▶ _DATA SEGMENT_:
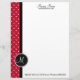 Artigos de papelaria/cabeçalho personalizados: Os pontos vermelhos e brancos tradicionais projetam/dos bares e monograma do preto acento do quadro
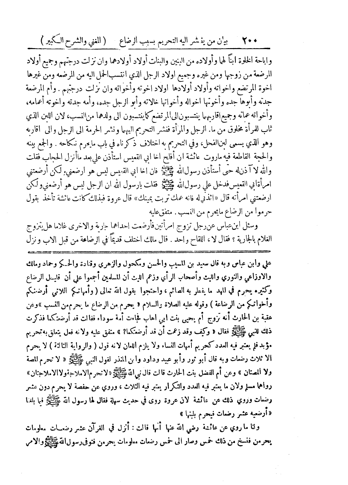 وأخواتكم من الرضاعة) وقوله عليه الصلاة والسلام " يحرم من الرضاع ما يحرم من النسب " وعن عقبة بن الحارث أنه تزوج أم يحيى بنت أبي أهاب فجاءت سوداء فقالت قد أرضعتكما فذكرت ذلك للنبي صلى الله عليه وسلم فقال " وكيف وقد زعمت أن قد أرضعتكما؟ " متفق عليه ولأنه فعل يتعلق به تحريم مؤبد فلم يعتبر فيه العدد كحريم أمهات النساء ولا يلزم اللعان لأنه قول (والرواية الثالثة) لا يحرم إلا ثلاث رضعات وبه قال أبو ثور وأبو عبيد وداود وابن المنذر لقول النبي صلى الله عليه وسلم " لا تحرم المصة ولا المصتان " وعن أم الفضل بنت الحارث قالت قال نبي الله صلى الله عليه وسلم " لا تحرم إلا ملاجة ولا الا ملاجتان " رواهما مسلم ولأن ما يعتبر فيه العدد والتكرار يعتبر فيه الثلاث، وروي عن حفصة لا يحرم دون عشر رضعات وروي ذلك عن عائشة لأن عروة روي في حديث سهلة فقال لها رسول الله صلى الله عليه وسلم فيما بلغنا " أرضعيه عشر رضعات فيحرم بلبنها " ولنا ما روى عن عائشة رضي الله عنها أنها قالت: أنزل في القرآن عشر رضعات معلومات يحرمن فنسخ من ذلك خمس وصار إلى خمس رضعات معلومات يحرمن فتوفي رسول الله صلى الله عليه وسلم والأمر
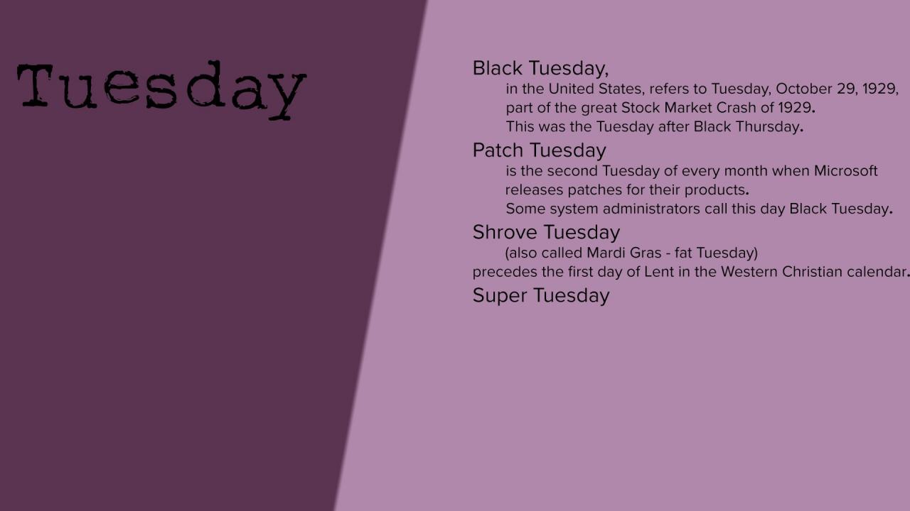 Wallpaper Tuesday description in English

▶ _EXERCISE DESCRIPTION_: The result should be an exact copy of the material, containing no pictures.

▶ _TASK RESPONSE_:
 Artigos de papelaria/cabeçalho personalizados: Os pontos vermelhos e brancos tradicionais projetam/dos bares e monograma do preto acento do quadro
 وأخواتكم من الرضاعة) وقوله عليه الصلاة والسلام " يحرم من الرضاع ما يحرم من النسب " وعن عقبة بن الحارث أنه تزوج أم يحيى بنت أبي أهاب فجاءت سوداء فقالت قد أرضعتكما فذكرت ذلك للنبي صلى الله عليه وسلم فقال " وكيف وقد زعمت أن قد أرضعتكما؟ " متفق عليه ولأنه فعل يتعلق به تحريم مؤبد فلم يعتبر فيه العدد كحريم أمهات النساء ولا يلزم اللعان لأنه قول (والرواية الثالثة) لا يحرم إلا ثلاث رضعات وبه قال أبو ثور وأبو عبيد وداود وابن المنذر لقول النبي صلى الله عليه وسلم " لا تحرم المصة ولا المصتان " وعن أم الفضل بنت الحارث قالت قال نبي الله صلى الله عليه وسلم " لا تحرم إلا ملاجة ولا الا ملاجتان " رواهما مسلم ولأن ما يعتبر فيه العدد والتكرار يعتبر فيه الثلاث، وروي عن حفصة لا يحرم دون عشر رضعات وروي ذلك عن عائشة لأن عروة روي في حديث سهلة فقال لها رسول الله صلى الله عليه وسلم فيما بلغنا " أرضعيه عشر رضعات فيحرم بلبنها " ولنا ما روى عن عائشة رضي الله عنها أنها قالت: أنزل في القرآن عشر رضعات معلومات يحرمن فنسخ من ذلك خمس وصار إلى خمس رضعات معلومات يحرمن فتوفي رسول الله صلى الله عليه وسلم والأمر
 Wallpaper Tuesday description in English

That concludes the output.